RFID-Blocking Card Sleeves
Contactless card technology has created a newer form of theft: electronic skimming. Someone with a pocket reader walks near you and captures your card data without physical contact. RFID-blocking sleeves or a wallet with built-in RFID protection prevent this. They cost $10-15 and are a completely passive protection layer.
The Pat-Down Habit Before Entering Crowds
Before you push through a turnstile, board a bus, or enter a crowded market, do a quick physical pat-down. Phone? Check. Wallet? Check. Passport (if carrying)? Check. This takes three seconds and builds the muscle memory that tells you immediately if something is missing — and gives you the awareness going in that you’re about to enter a higher-risk environment.
City-by-City Hot Zones

Rome, Italy
Rome is the undisputed European capital of organized pickpocketing. The hot zones are exactly where you’d expect:
- Bus 64 (Vatican to Termini) — avoid at peak hours or keep everything in your money belt
- Trevi Fountain — the crowd crush is the point. All hands in front, bag on chest.

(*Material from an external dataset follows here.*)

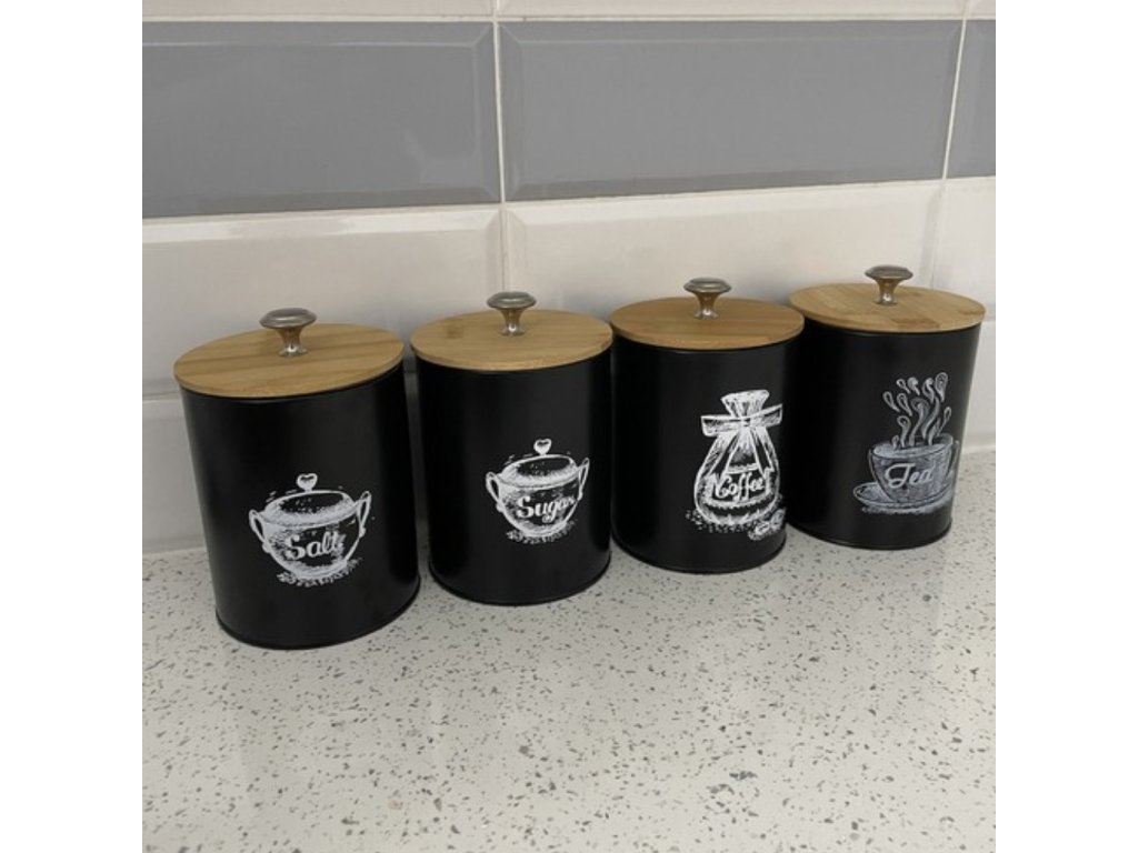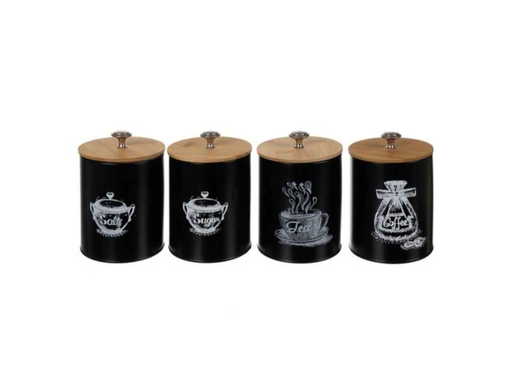 Objavte štýlové a praktické riešenie pre uskladnenie vašich obľúbených sypkých potravín! Sada štyroch dóz s objemom 1,3 litra je ideálna na uchovávanie cukru, čaju, soli a kávy. Každá dóza je označená bielym textom a obrázkom v angličtine, takže vždy presne viete, čo sa v nej ukrýva.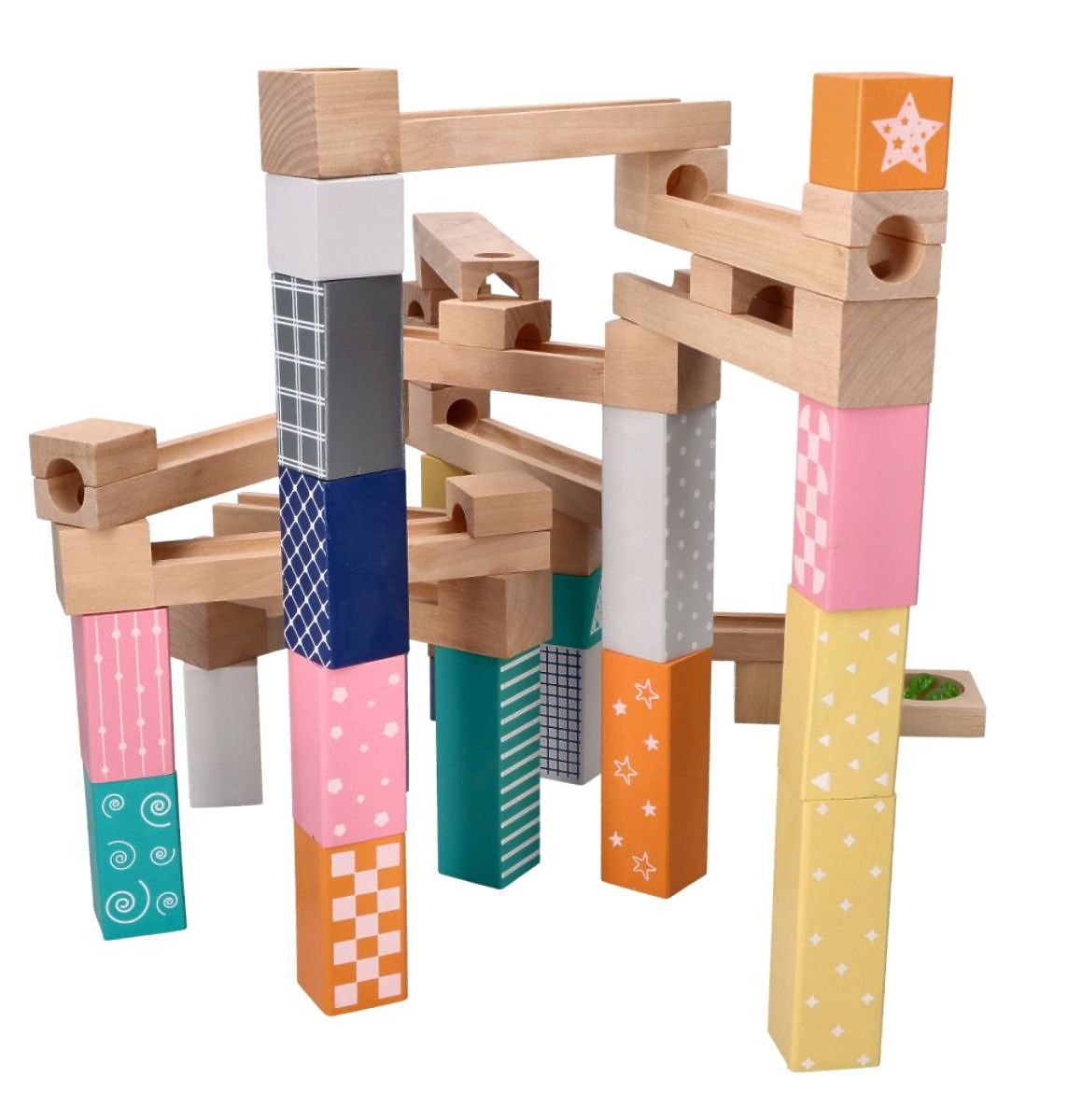 Ein fantastisches Spielzeug für die ganze Familie, das es ermöglicht, gemeinsam Zeit beim Bau immer neuer Konstruktionen zu verbringen. In diesem Fall sind die Elemente aus Holz und die Kugeln aus Glas, was die Haltbarkeit des Spielzeugs garantiert. Testen Sie Ihre Kreativität, indem Sie immer neue Strecken für die schnell rollenden Kugeln entwerfen.

- The Colosseum queue — petition clipboard operators work this line relentlessly
- Metro Line A — especially at Termini, Spagna, and Barberini stops
Barcelona, Spain
Barcelona has the highest pickpocket rate in Europe by most measures. La Rambla is the most famous street for it and is essentially a gauntlet:
- La Rambla — the entire length, especially near La Boqueria market
- Metro L1 and L3 lines — bump specialists work both
- Barceloneta beach — bag grabs while you swim
- Park Güell — crowded, narrow paths, distraction techniques
Paris, France
Paris pickpockets often work in groups and target the tourist belt:
- The Eiffel Tower — petition clipboard operators in abundance
- RER B to Charles de Gaulle — tired travelers with heavy luggage are easy targets
- Sacré-Cœur steps in Montmartre
- Museum queues — especially the Louvre
Prague, Czech Republic
Prague’s historic center funnels tourists into predictable paths:
- Charles Bridge — extremely crowded at peak hours, bump technique common
- Old Town Square — tram stops around the square
- Tram 22 — the tourist tram, and therefore the pickpocket tram
Lisbon, Portugal
Lisbon has seen a surge in pickpocketing as tourism has exploded over the past decade:
- Tram 28 — the famous vintage tram is a tourist attraction and a known theft location. The car is cramped by design.
- Alfama neighborhood — narrow streets, crowded at sunset
- Baixa-Chiado area — particularly at the Chiado Metro stop
The truth is that visiting any of these cities is absolutely worthwhile — they are extraordinary places. You just need to move through them with a different level of awareness than you would at home. With the right gear and the right habits, you make yourself a difficult target, and difficult targets get skipped. That’s the whole goal.